Рэм уставился в головизор, окончательно выпадая из бессмысленной беседы. Я тупо рассматривала салаты в тарелке. Тишина прилипла к горлу, хотелось прокашляться, лишь бы разбавить это молчание. Велик был соблазн начать болтать о всякой ерунде, делая вид, что в моей жизни ничего не изменилось так же, как в этом доме. Я посмотрела на чуть сгорбленную маму, её тёмные волосы, удивительно тонкие руки при шарообразной фигуре. Вспомнила, как она выгоняла меня из дома, орала вслед, что я порчу ей жизнь, как она замахивалась полотенцем этими самыми изящными руками.

Мне не хотелось болтать о ерунде.

— Извини, что я ушла.

Мама едва заметно вздрогнула, удивлённо посмотрела на меня.

— Иногда я веду себя как подросток, — словно пыталась оправдаться. Откровенные слова давались тяжело.

Мама подошла к столу, рассеянным движением схватила тарелку, покрутила её в руках и поставила обратно.

— Да ну, я тоже иногда как начну орать, — отмахнулась она.

Меня буквально прошибло молнией.
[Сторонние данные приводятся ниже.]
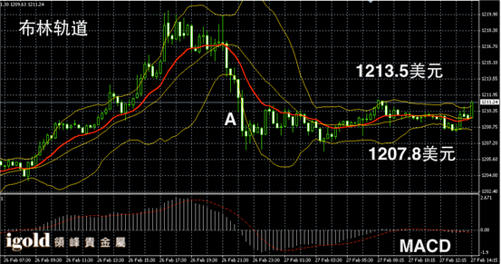 黄金阴阳烛录得阴阳烛间隔出现,布林轨道区间收平,短线MACD显示呈中性,黄金价格午后或有小幅上探,高位若突破阴烛A的最高价,或继续上升至1214美元附近,低位支撑仍然首先参考1207美元附近。

Я ожидала чего угодно, — признания своего превосходства, намеренного унижения, ухода от темы, — но только не такой открытости. Я вдруг поняла, что за всё время, что она орала на меня, у неё была только одна претензия — она потратила на меня столько сил, а я веду себя, как неблагодарная тварь. Это было жестоко. Мне всегда казалось, что мамы не должны говорить такое детям. А что тогда дети должны говорить мамам? Есть ли какой-то регламент?
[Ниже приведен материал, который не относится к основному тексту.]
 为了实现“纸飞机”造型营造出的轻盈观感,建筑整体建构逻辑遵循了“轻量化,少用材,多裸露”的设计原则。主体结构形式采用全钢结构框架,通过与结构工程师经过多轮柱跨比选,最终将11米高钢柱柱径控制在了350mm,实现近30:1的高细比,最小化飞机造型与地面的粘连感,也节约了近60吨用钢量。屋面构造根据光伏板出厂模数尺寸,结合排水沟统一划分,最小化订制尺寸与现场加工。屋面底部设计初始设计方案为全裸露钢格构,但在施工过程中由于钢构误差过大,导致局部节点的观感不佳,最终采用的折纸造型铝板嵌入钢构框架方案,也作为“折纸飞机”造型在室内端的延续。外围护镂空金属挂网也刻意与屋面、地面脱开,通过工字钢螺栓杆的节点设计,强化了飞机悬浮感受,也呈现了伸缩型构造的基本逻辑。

Я сглотнула вязкий ком из накопленных обид и решила сказать ей, наконец, то, что она так сильно хотела от меня услышать всё это время:

— Спасибо, что впустила меня обратно. — Замолчала. Перевела дух. Это оказалось слишком тяжело. — Ты всегда была рядом, когда мне было плохо. Спасибо. И вообще… я… не описать словами, как я благодарна, что ты сделала из меня ту, кто я есть сейчас.

Всё. Больше не получалось. Слова сквасились, не успев вырваться наружу. Вновь повисло тяжёлое молчание.

Мама покусала губы, пытаясь справиться с несвойственной растерянностью.

— Ну, ты сильная, — запинаясь, ответила она, — всегда была сильной и упёртой. Это в меня. Хотя я тоже, знаешь, иногда могу перегнуть палку… пойду постелю тебе постель, — резко захлопнула она дверь откровенности.

Развернулась и быстро удалилась с кухни.

Я перевела взгляд на Рэма. Хотелось спросить у него, что он думает о нашем странном разговоре, но отчим зомбированным взглядом пялился на экран и вряд ли что-то слышал.

Жаль, что мама часто кричала на меня, незаслуженно обвиняла во всех грехах, в моём рождении, которое испортило ей жизнь. Жаль, что не верила в меня, отправляла на те секции, где попроще, выбирала специальность «моего уровня», не хотела, чтобы я пыталась попасть в университет. Мне было жаль очень многого. Оно копилось долго и упорно. Мама жила в своей вселенной, я в своей. И они не пересекались.

До сегодняшнего дня.

Я вдруг подумала, почему я за всё это время только обвиняла её в ответ, вместо того, чтобы сделать шаг навстречу? Она хотела от меня благодарности. И я сказала «спасибо». Это было так просто, и так тяжело одновременно.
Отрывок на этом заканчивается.